5.8 Interference with Cognitive and Motor Performance In a study in normal volunteers, escitalopram oxalate 10 mg/day did not produce impairment of intellectual function or psychomotor performance. Because any psychoactive drug may impair judgment, thinking, or motor skills, however, patients should be cautioned about operating hazardous machinery, including automobiles, until they are reasonably certain that escitalopram oxalate therapy does not affect their ability to engage in such activities.

5.9 Angle Closure Glaucoma Angle Closure Glaucoma: The pupillary dilation that occurs following use of many antidepressant drugs including escitalopram oxalate may trigger an angle closure attack in a patient with anatomically narrow angles who does not have a patent iridectomy.

5.10 Use in Patients with Concomitant Illness Clinical experience with escitalopram oxalate in patients with certain concomitant systemic illnesses is limited. Caution is advisable in using escitalopram oxalate in patients with diseases or conditions that produce altered metabolism or hemodynamic responses.
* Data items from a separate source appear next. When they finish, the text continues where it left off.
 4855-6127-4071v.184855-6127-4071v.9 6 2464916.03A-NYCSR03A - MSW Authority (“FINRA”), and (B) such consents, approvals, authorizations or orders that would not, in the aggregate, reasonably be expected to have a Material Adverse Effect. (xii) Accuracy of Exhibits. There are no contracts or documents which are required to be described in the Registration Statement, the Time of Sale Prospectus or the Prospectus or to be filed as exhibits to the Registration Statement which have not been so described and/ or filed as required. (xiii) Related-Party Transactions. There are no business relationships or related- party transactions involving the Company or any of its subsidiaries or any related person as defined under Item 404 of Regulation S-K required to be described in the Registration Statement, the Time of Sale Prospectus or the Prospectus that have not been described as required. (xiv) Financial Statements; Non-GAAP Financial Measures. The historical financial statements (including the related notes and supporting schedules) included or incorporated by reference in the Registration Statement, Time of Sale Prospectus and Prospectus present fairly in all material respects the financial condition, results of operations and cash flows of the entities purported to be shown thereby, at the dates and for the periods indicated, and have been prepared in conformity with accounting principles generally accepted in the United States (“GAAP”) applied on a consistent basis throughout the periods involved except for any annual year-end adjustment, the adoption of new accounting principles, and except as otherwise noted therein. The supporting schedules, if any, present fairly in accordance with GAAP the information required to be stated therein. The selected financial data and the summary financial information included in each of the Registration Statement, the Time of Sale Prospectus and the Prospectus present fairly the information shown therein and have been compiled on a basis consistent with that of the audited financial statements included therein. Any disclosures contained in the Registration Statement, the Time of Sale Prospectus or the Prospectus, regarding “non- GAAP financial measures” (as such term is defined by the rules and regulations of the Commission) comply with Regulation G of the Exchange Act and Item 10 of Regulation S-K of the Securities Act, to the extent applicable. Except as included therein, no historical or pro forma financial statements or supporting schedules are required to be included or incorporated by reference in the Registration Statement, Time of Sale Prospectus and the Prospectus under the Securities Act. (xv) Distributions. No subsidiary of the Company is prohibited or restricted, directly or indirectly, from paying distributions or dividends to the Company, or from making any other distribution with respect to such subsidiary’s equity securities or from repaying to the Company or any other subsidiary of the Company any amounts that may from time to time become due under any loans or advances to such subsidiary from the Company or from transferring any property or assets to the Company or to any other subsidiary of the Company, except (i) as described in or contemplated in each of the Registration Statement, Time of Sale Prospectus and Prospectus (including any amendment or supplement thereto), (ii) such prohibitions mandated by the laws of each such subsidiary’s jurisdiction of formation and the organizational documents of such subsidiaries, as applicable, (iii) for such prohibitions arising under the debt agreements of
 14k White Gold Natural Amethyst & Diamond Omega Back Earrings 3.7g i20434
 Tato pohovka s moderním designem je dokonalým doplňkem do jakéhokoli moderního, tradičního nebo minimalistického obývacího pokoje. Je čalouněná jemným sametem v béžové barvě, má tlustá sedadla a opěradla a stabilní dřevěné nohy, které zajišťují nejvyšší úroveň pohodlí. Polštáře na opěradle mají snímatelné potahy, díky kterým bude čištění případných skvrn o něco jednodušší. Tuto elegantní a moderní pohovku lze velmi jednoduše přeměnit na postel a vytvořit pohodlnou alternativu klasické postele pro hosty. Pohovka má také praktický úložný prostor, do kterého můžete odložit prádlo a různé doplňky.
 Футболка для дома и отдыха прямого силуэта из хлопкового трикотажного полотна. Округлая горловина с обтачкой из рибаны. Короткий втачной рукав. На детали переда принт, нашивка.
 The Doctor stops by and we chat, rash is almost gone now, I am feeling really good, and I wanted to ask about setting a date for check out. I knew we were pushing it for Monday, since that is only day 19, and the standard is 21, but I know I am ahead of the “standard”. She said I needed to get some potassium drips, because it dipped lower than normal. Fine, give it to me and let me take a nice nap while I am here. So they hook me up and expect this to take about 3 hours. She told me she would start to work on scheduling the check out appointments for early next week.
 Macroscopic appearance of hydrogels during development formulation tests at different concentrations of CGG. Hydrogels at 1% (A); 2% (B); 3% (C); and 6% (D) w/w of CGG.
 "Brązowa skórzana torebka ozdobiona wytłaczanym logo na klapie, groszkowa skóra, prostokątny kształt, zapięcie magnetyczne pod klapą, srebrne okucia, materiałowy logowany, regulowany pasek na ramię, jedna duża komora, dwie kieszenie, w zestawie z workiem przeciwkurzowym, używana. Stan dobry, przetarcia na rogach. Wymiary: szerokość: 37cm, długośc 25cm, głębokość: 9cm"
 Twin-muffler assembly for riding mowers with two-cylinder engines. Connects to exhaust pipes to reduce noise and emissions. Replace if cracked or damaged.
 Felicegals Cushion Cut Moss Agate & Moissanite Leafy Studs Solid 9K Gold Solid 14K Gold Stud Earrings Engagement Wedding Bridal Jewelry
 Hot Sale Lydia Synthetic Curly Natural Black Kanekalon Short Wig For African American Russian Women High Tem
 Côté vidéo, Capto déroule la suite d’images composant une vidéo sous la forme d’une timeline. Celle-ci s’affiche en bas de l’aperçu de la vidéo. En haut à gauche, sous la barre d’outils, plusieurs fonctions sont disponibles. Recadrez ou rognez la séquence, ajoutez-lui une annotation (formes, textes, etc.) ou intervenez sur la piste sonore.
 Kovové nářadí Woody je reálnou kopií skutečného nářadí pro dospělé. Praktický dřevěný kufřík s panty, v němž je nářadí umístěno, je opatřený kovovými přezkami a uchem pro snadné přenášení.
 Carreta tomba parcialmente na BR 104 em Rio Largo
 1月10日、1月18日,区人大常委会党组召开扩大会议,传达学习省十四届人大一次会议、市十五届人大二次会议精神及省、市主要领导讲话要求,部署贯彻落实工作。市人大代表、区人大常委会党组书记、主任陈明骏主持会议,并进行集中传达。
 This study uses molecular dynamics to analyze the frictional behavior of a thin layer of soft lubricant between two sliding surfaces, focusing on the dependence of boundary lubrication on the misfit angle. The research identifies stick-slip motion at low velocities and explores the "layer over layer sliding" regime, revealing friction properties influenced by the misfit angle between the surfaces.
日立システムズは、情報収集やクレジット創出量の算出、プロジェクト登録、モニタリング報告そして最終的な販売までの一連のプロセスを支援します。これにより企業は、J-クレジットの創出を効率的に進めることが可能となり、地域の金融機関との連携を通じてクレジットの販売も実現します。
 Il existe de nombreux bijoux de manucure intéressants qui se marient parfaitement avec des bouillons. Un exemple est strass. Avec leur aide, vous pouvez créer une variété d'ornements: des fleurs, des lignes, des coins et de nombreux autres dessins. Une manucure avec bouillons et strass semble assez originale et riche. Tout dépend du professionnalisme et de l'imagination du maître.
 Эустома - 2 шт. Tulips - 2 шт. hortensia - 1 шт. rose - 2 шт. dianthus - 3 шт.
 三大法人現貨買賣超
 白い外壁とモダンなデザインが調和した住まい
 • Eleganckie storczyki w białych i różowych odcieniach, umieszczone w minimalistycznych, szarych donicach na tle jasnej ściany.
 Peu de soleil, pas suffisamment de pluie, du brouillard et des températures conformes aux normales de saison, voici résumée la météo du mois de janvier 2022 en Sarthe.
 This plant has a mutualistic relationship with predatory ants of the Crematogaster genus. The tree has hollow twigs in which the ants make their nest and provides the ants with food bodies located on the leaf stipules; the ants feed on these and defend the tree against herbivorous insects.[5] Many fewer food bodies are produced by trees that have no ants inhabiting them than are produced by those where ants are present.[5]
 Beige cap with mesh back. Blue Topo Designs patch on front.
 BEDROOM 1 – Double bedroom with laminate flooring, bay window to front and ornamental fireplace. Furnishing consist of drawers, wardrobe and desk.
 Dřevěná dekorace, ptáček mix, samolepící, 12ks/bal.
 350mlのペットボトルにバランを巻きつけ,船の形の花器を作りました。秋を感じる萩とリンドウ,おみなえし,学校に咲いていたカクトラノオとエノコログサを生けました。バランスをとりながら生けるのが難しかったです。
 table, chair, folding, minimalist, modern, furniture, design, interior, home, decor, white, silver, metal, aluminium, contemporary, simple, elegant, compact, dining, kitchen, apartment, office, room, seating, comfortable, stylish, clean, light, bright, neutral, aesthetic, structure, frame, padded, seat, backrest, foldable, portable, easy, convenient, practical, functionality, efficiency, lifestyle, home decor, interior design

Escitalopram oxalate has not been systematically evaluated in patients with a recent history of myocardial infarction or unstable heart disease. Patients with these diagnoses were generally excluded from clinical studies during the product&apos;s premarketing testing. In subjects with hepatic impairment, clearance of racemic citalopram was decreased and plasma concentrations were increased. The recommended dose of escitalopram oxalate in hepatically impaired patients is 10 mg/day [ see Dosage and Administration ( 2.3 ) ]. Because escitalopram is extensively metabolized, excretion of unchanged drug in urine is a minor route of elimination. Until adequate numbers of patients with severe renal impairment have been evaluated during chronic treatment with escitalopram oxalate, however, it should be used with caution in such patients [ see Dosage and Administration ( 2.3 ) ].